The Kenya Trade Network Agency (KenTrade) is a state corporation established by the National Government of Kenya to facilitate trade logistics in the Republic of Kenya.

History 
The agency was established through a Legal Notice issued by the government of Kenya in January 2011, for the purpose of promoting efficient administration and logistics of both local and international trade. 

The agency achieved this through the establishment of the country's first National Electronic Single Window System, which serves as a single point of all trade transactions such as approvals, cargo clearance and payment of requisite taxes and duties on imports and exports.
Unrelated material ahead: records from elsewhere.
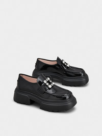 Wallaviv Strass Buckle Loafers in Leather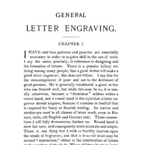 If you want to learn how to engrave letters, monograms and writing this great book is an excellent guide. This 1892 book addresses what was then a decline in the education of apprentices, and was intended to give aspiring engravers a way to successfully self educate as a letter engraver. Interestingly for its time it was intended for females as well as males: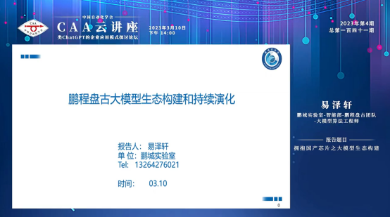 鵬城實驗室智能部的鵬程盤古團隊的大模型算法工程師易澤軒作報告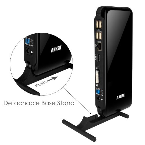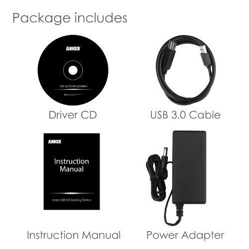 Package includes: Anker USB 3.0 Docking Station, detachable base stand, 19V 2A AC power adapter, USB 3.0 cable, driver CD, user manual, quick installation guide.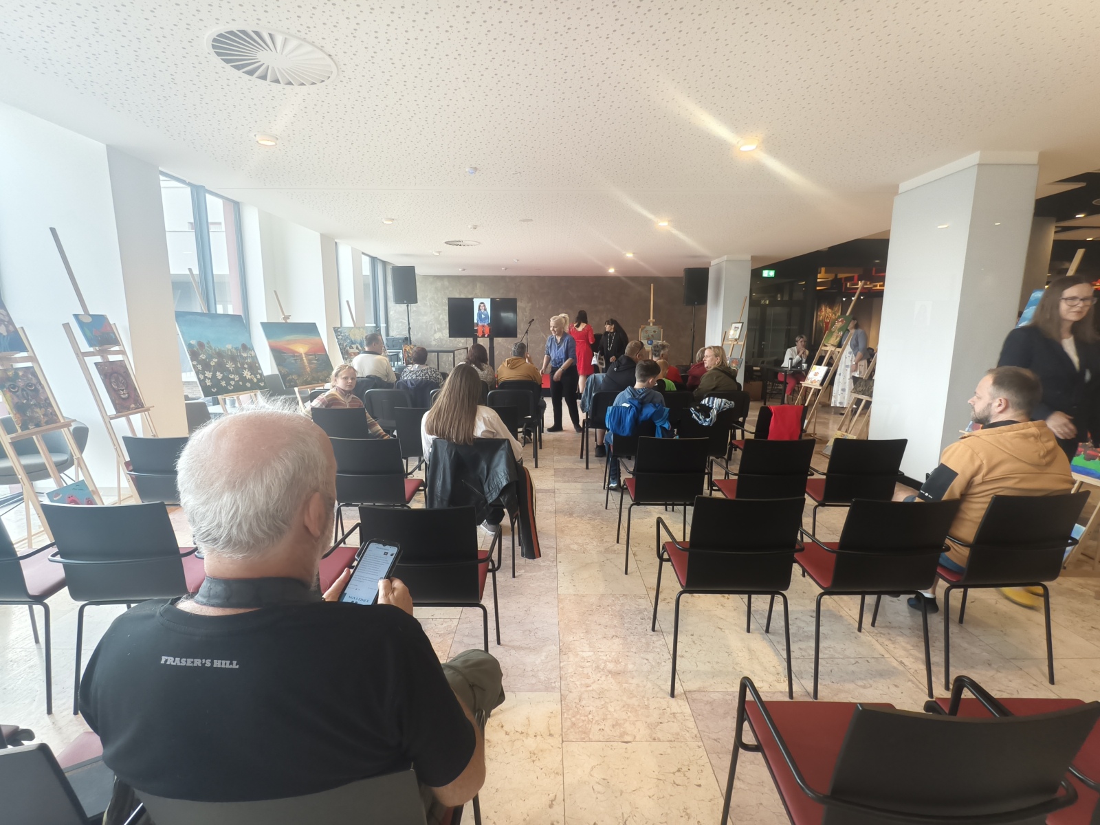 Je čtvrtek odpoledne a já přicházím do KD Milovice. Aukce začíná v 17 hodin, jsem tady dřív a prohlížím si vystavené obrazy. Všechny vytvářeli žáci Základní školy TGM Milovice a také paní učitelka Valášková. Nemohu říct malovali, neb byla použita široká škála technik tvorby.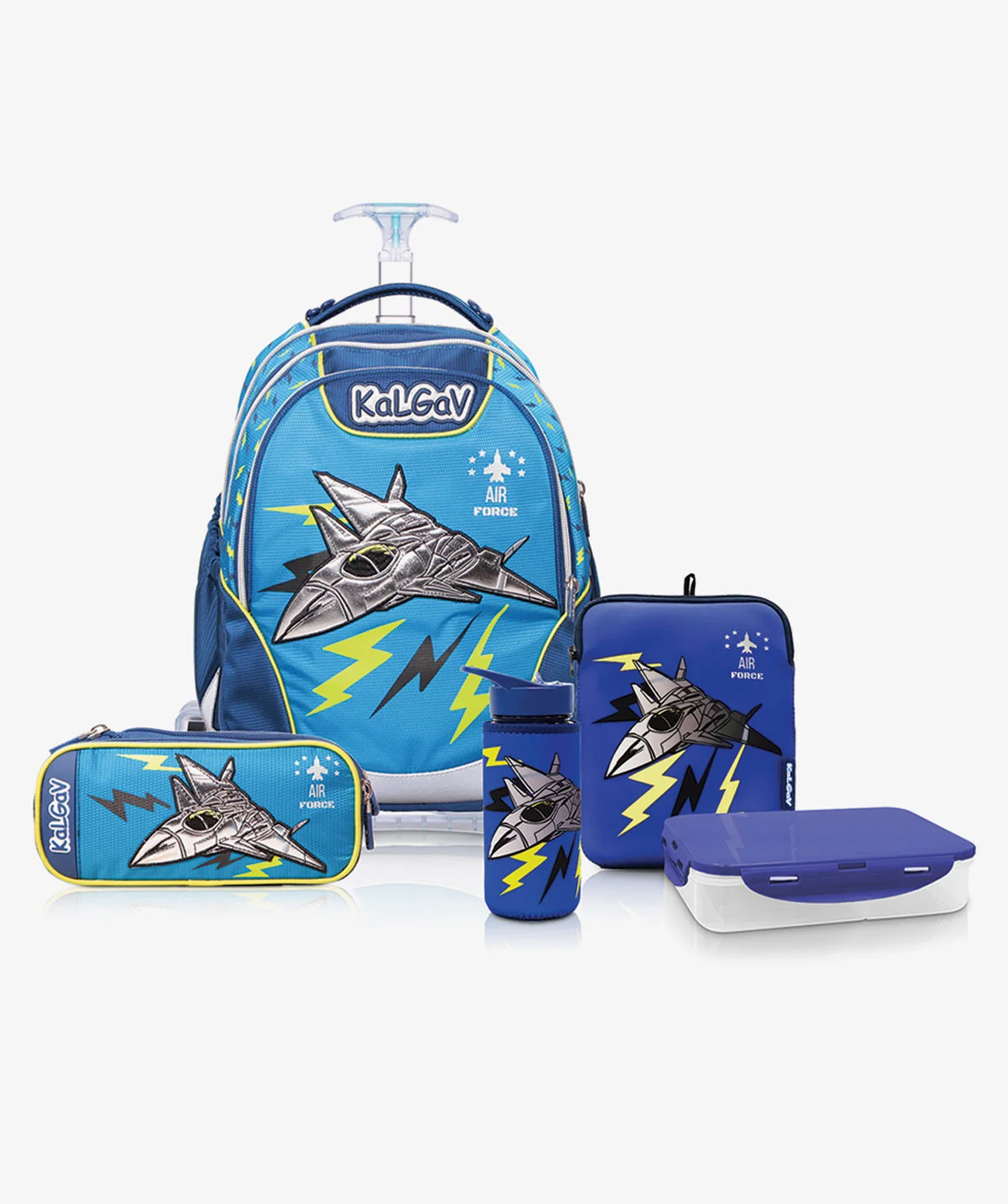 طقم كامل مكون من 5 قطع – حقيبة طبية باعلى جودة ومواصفات عالمية وعربة جر خفيفة قابلة للفك, مقلمة سحابين قابلة للتوسيع,مطرة وعلبة أكل حرارية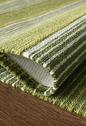Koberec LAOS sa vyrába v Egypte, kombináciou jemného polyesteru a viskózy (umelý hodváb). Vďaka svojmu zloženiu a vzhľadu má viacúčelové využitie. Môžeme ho použiť ako predložku v kúpeľni či pri kuchynskej linke alebo ako koberček na chodbe. Koberec je veľmi príjemný na dotyk, má antibakteriálny povrch a protišmykovú rubovú stranu. Ľahko sa udržiava, je ručne prateľný. V ponuke v rôznych farebných prevedeniach.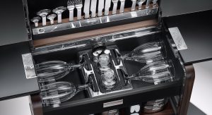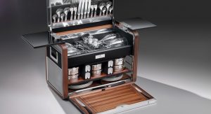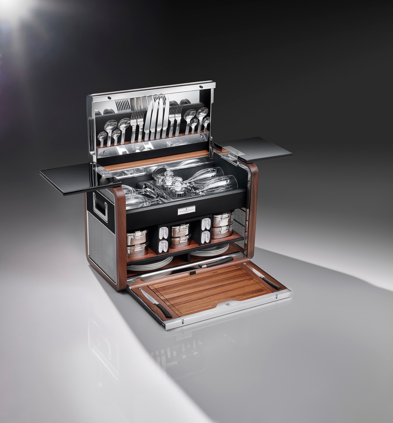 Furthermore, Piano Black picnic tables housed within the hamper fold out on engraved-aluminium hinges (like the armrest cappings inside the car), while the leather and wood interior shelving of the hamper contains lead crystal wine glasses, handmade stainless steel cutlery, napkins embroidered with the Rolls-Royce monogram in Arctic White, a handcrafted American Walnut chopping board, and unique crockery, with painted black and platinum detail around the edges.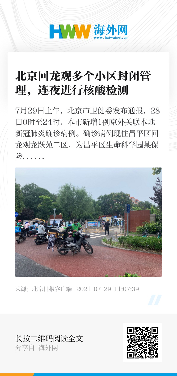 7月29日上午,北京市卫健委发布通报,28日0时至24时,本市新增1例京外关联本地新冠肺炎确诊病例。确诊病例现住昌平区回龙观龙跃苑二区,为昌平区生命科学园某保险集团员工。

The system serves as a single trade facilitation link between government ministries and agencies involved in trade, such as the Ministry of the National Treasury & Planning and the Kenya Revenue Authority, and local and international traders.

The single link has improved the speed and ease of carrying out trade in the country, as the process of trade transactions has been simplified by removing the time-consuming and costly process of visiting numerous government agencies to commence trade transactions by unifying all the requisite processes into the Single Window System.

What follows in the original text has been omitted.